Malaria

Sintesi

È la malattia da vettori più diffusa al mondo, trasmessa dalle zanzare del genere Anopheles. In Italia è stata eradicata ma continua a essere la principale malattia d'importazione.

La Malaria è una malattia infettiva causata da un parassita chiamato plasmodio (Plasmodium) che si trasmette all’uomo esclusivamente attraverso la puntura di zanzare infette del genere Anopheles.

Il plasmodio compie metà del suo ciclo vitale nelle Anopheles, nelle cui ghiandole salivari si incista, e una volta arrivato nel corpo umano entra nel circolo sanguigno e raggiunge il fegato, dove si moltiplica. Dopo una incubazione di durata variabile, il plasmodio infetta i globuli rossi causando la malaria.

Secondo l’OMS, a livello mondiale, nel 2017 ci sono stati 219 milioni di casi in 87 paesi e la malattia ha portato a 435.000 decessi, mentre si stima che quasi metà della popolazione mondiale sia a a rischio di infezione. La minaccia più grande riguarda la popolazione africana, che ha registrato circa il 93% di tutte le morti per malaria, e in particolare i bambini di età inferiore a 5 anni, che rappresentano il 61% di tutti i decessi.

 

Sintomi

A seconda della specie di plasmodio, i sintomi compaiono dopo una o più settimane dalla puntura della zanzara infetta. Solitamente consistono in febbre, spesso molto alta, mal di testa, vomito, diarrea, sudorazione e brividi, come qualsiasi sindrome influenzale o altre infezioni. In seguito è caratterizzata da febbri ricorrenti e anemia, e può avere esito fatale.

 

Dove è presente

La malattia è ancora endemica in vaste zone di Asia, Africa, America centrale e del sud, isole caraibiche.

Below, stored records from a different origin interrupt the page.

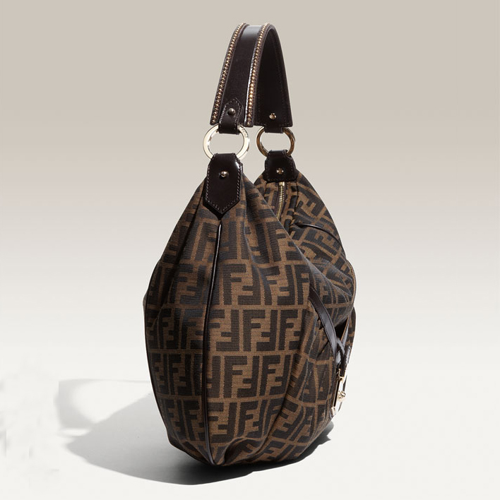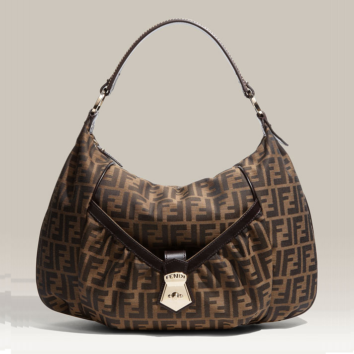 A goldtone logo padlock secures the curved front slip pocket of a logo-jacquard hobo topped with a single handle and trimmed with rich leather piping.
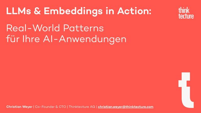 Generative AI und menschliche Sprache als zentrale Bausteine Ihrer Software – jenseits des Buzzword-Bingos. Begleiten Sie Christian Weyer in dieser Session bei der Erkundung erprobter Patterns und Lösungen für die nahtlose Integration von Language- und Embedding-Modellen in moderne Softwarearchitekturen. Kernthemen wie Semantic Routing, Retrieval-Augmented Generation, Structured Output und Observability werden im Einklang anhand praxisnaher Beispiele in einem End-to-End-System mit mehreren Services und Client-Anwendungen demonstriert. Entwickler und Architekten erhalten wertvolle Einblicke, wie sie natürlichsprachliche Benutzerschnittstellen in ihren Projekten zum Leben erwecken können.
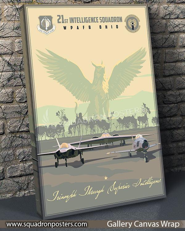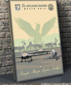 The host unit at Wright-Patterson AFB is the 88th Air Base Wing (88 ABW), assigned to the Air Force Life Cycle Management Center and Air Force Materiel Command. The 88 ABW operates the airfield, maintains all infrastructure and provides security, communications, medical, legal, personnel, contracting, finance, transportation, air traffic control, weather forecasting, public affairs, recreation and chaplain services for more than 60 associate units. The Air Force’s National Air and Space Intelligence Center and the Space Force’s National Space Intelligence Center are also garrisoned there and are the intelligence community’s primary organizations for strategic air and space threat analysis. Check out this stunning Wright Patterson AFB Ohio 21st IS Art by Squadron Posters!Â
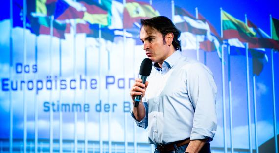 Wie sehr dafür demokratische Strukturen erforderlich sind, verdeutlichte danach der Historiker und Journalist Ingo Espenschied in einem multimedialen Vortrag über die Entstehung und Funktion des Europäischen Parlaments. „Wir brauchen ein demokratisches Europaparlament, wenn wir ein starkes Europa haben wollen“, sagte er und bezeichnete es als „politischen Selbstmord, wenn wir uns abschotten“. Daher appellierte er an die jungen Europäer im Saal, ihre Stimme bei der Europawahl abzugeben.
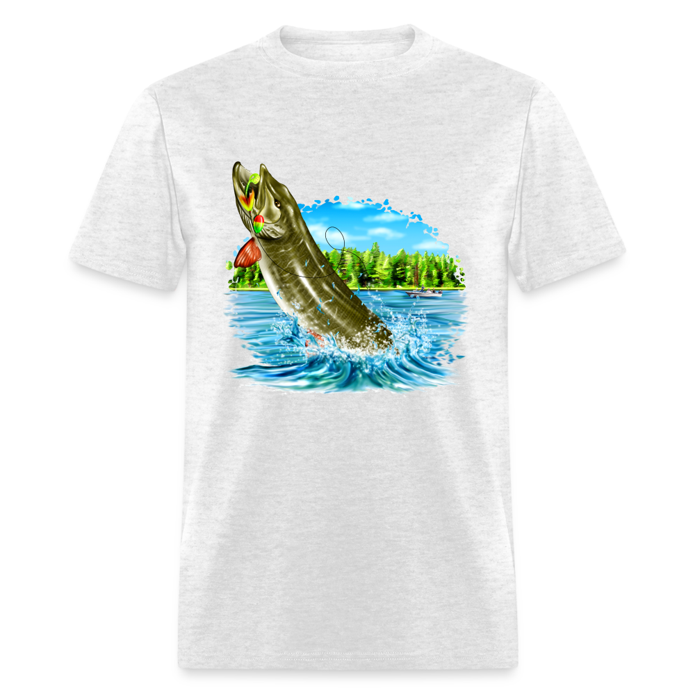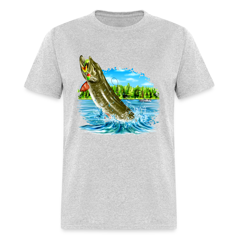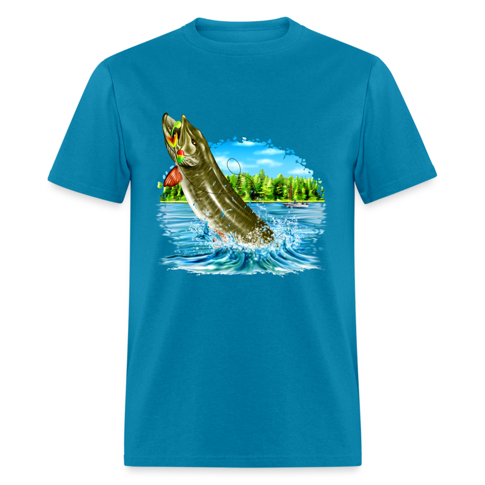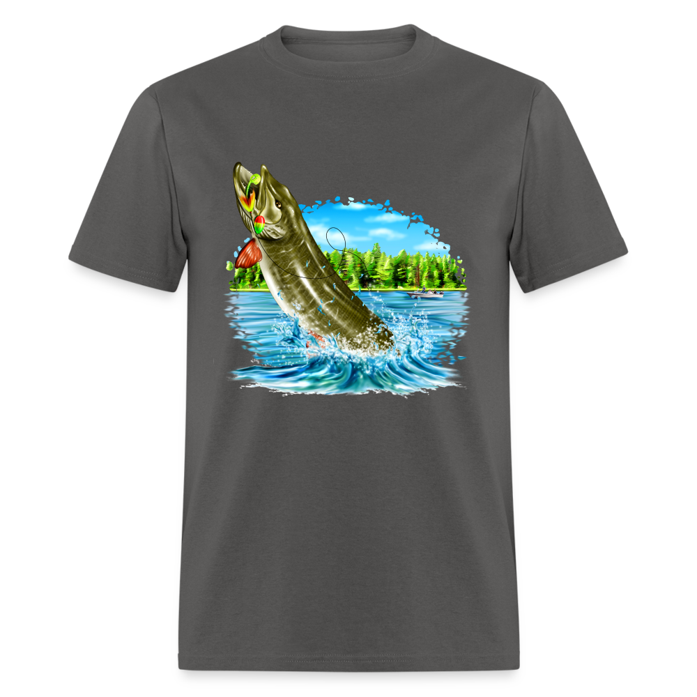 Muskie fishing lake and fisherman. High quality art design tee shirts.
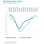 Los primeros datos de marzo muestran un repunte del consumo privado registrándose una recomposición de la demanda hacia los servicios. De acuerdo con el Indicador de Consumo BBVA, el gasto en terminales punto de venta efectuado en hoteles y restaurantes alcanzó una variación real interanual de 29.3% y 32.0% en la última semana de marzo, respectivamente, mientras que las cifras de ventas de vehículos ligeros del INEGI señalan mayor dinamismo en el mismo mes, con el número de unidades vendidas alcanzando 91.1% de su nivel previo a la pandemia. Así, la señal de un retorno más rápido a la normalidad imprime un sesgo al alza en el consumo y en la estimación de crecimiento de BBVA México para 2021.
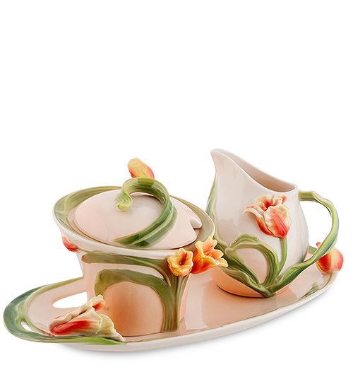 Гармония — это одна из определяющих основ чайного сервиза, в который входят сахарница и молочник «Тюльпаны». Выполненный на белоснежном фарфоре рельефный рисунок удивляет своей естественностью и совершенством. Сочетание нежного цвета свежей зелени и оттенков весенних цветов, позволяет настроиться на уютное чаепитие.
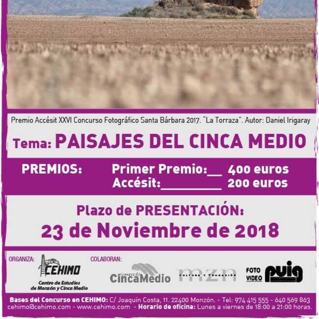 La exposición de fotografías podrá visitarse del 11 al 21 de diciembre, en horario de 19h a 21h, en la citada Sala Cerbuna. El tema de esta edición era "Paisajes del Cinca Medio" y el plazo de presentación de originalizas finalizaba el pasado 23 de noviembre.
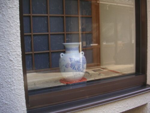 京都の町家には、出窓風のショーウィンドーとも呼ぶべき空間を持っているところが多い。 その中でも特に商売とは関係なさそうなものに注目してみる。ガラスが反射して上手く撮れなかった。 因みに今は途絶えてしまった手作りガラスである。
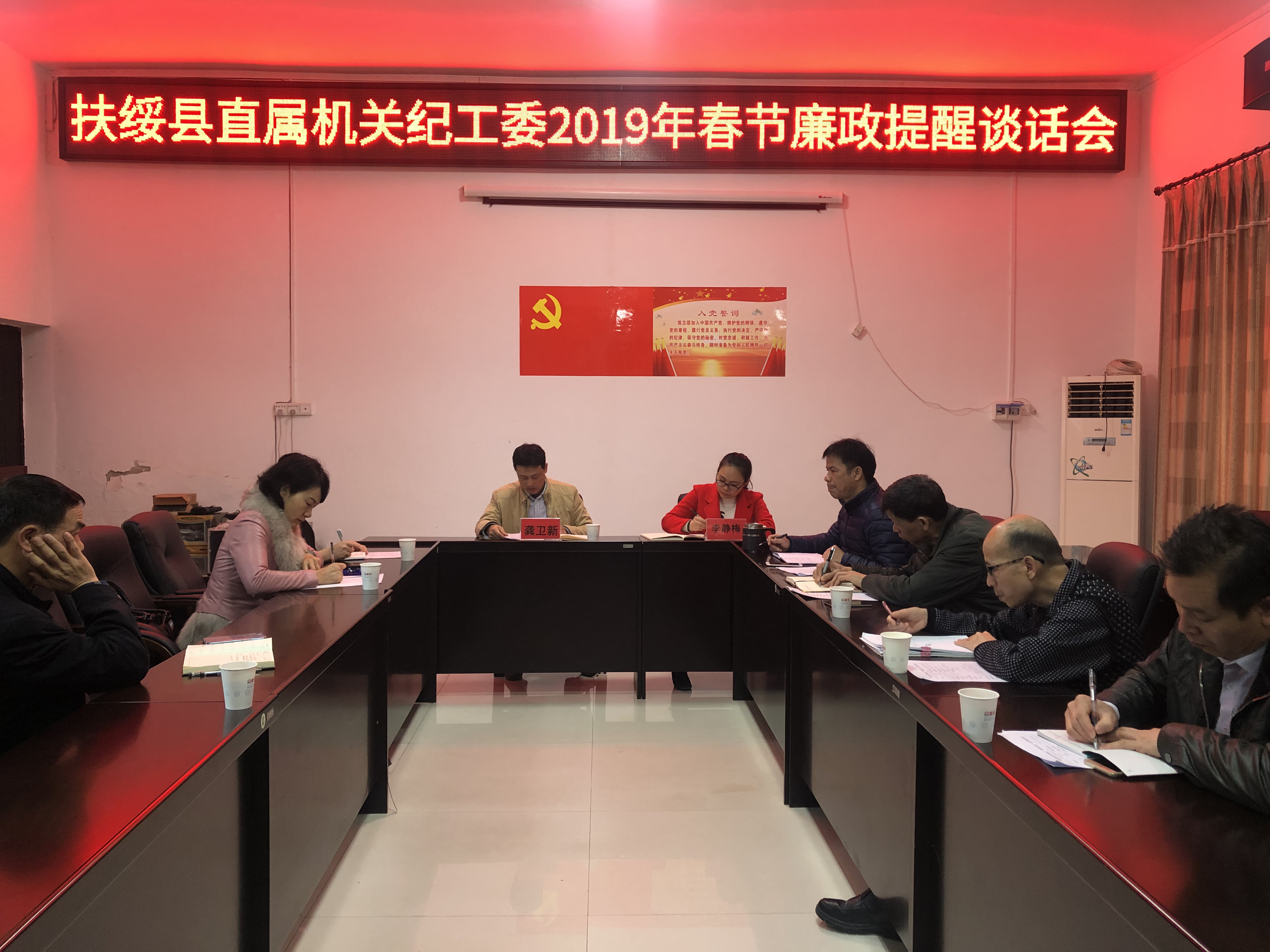 2月1日,县直属机关纪工委组织县直属机关工委、县委老干部局、县残联等3个综合监督单位开展2019年春节廉政提醒谈话,把好节前廉洁关。

La malaria viene sempre più frequentemente importata per via dei movimenti migratori e turistici. Assieme alla tubercolosi e all’Aids, è una delle principali emergenze sanitarie del pianeta, e in assoluto la prima malattia d’importazione trasmessa da vettori in Europa, Italia inclusa, e negli Stati Uniti.

Diffusione Malaria

Zone di trasmissione della Malaria nel mondo, CDC 2018.

 

In Italia

La malaria è stata debellata in Italia nei primi anni ’50 dopo un lungo percorso di bonifiche dei territori paludosi, di interventi sanitari e di lotta al vettore, e dal 21 settembre 1970 il nostro Paese è annoverato dall’Organizzazione Mondiale della Sanità (OMS) tra quelli liberi da malaria.

Nel territorio dell'Azienda USL di Bologna, nel periodo compreso tra 2008 e 2018, sono stati notificati 122 casi di Malaria, tutti importati da zone endemiche.